Hokej.net Logo
MAJ
3

NLA: Zurych zdobył dwa gole w osłabieniu i wygrał (WIDEO)

Nieczęsto zdarza się, aby strzelać gole w osłabieniu, a tym bardziej dwa w jednym meczu. Takiego wyczynu dokonała drużyna ZSC Lions Zurych wygrywając na wyjeździe z EV Zug w ćwierćfinale ligi.

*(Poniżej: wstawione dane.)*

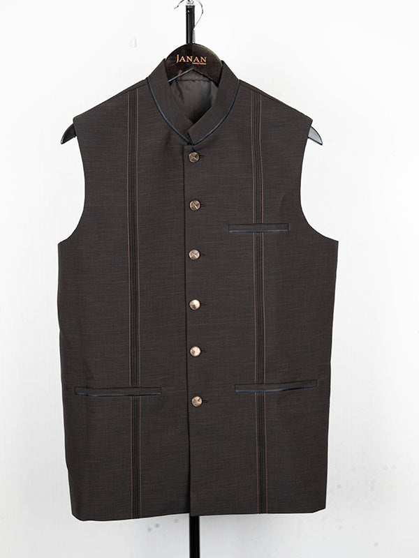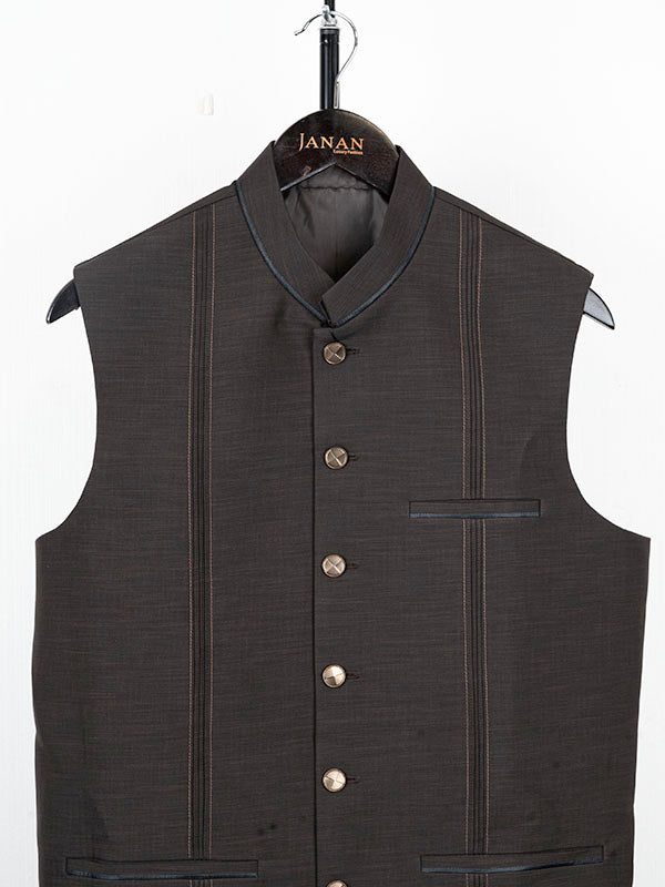 Complete your traditional outfit with this stylish Dark brown suiting waistcoat. It adds a touch of class and complements your look perfectly.
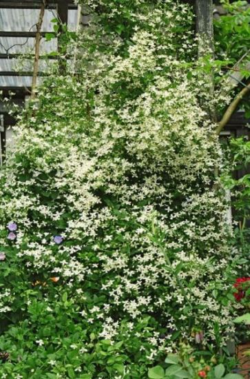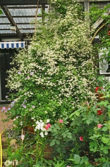 Cydora,"Little Nell" ist nicht großblütig und bietet mit ihrer hellen Farbe keinen Kontrast. Ich würde zumindest eine Clematis auswählen, die sich durch eine kräftige Farbe von dieser Unzahl an kleinen Blüten abhebt.LGChristiane

Berno kroczy od zwycięstwa do zwycięstwa w fazie ćwierćfinałowej. „Wilki” po trzech meczach prowadzą 3-0 z Servette Genewa i potrzebują tylko jednej wygranej, żeby zameldować się w półfinałach. Wczoraj nie pozostawili swoim rywalom złudzeń, wygrywając u siebie 5:1. Pierwszą tercję gospodarze zakończyli skromnym 1:0 po golu Tristana Scherweya, któremu asystowali Ramon Untersander i Gaëtan Haas (łącznie zebrał 2 kluczowe podania w tym meczu). W drugiej tercji podopieczni Kari Jalonena dorzucili trzy kolejne bramki. Simon Bodenmann po raz piąty w tych play-offach pokonał bramkarza z Genewy, a piątą asystę zanotował przy tej akcji Andrew Ebbett. Następnie na 3:0 podwyższył Mason Raymond, a strzelanie w tej części meczu zakończył Ebbett, któremu tym razem asystował Bodenmann (5G + 2A w fazie play-off). Trzecia tercja zaczęła się od przewagi gospodarzy po wykluczeniu w końcowych sekundach środkowej części meczu, Stéphane’a Da Costy za przeszkadzanie. W tych warunkach, nie pozostało nic innego berneńczykom jak podwyższyć rezultat na 5:0, czego dokonał Simon Moser. Dla gości honorowe trafienie zadał Da Costa, niejako rehabilitując się za sytuację z końcówki drugiej tercji. Francuz trafił gdy na lodzie było więcej hokeistów z Genewy, na skutek kary nałożonej na Thomasa Ruefenachta. Aż 41 na 42 uderzeń rywali obronił wczoraj Leonardo Genoni, co dało mu 97,62% skuteczności obron.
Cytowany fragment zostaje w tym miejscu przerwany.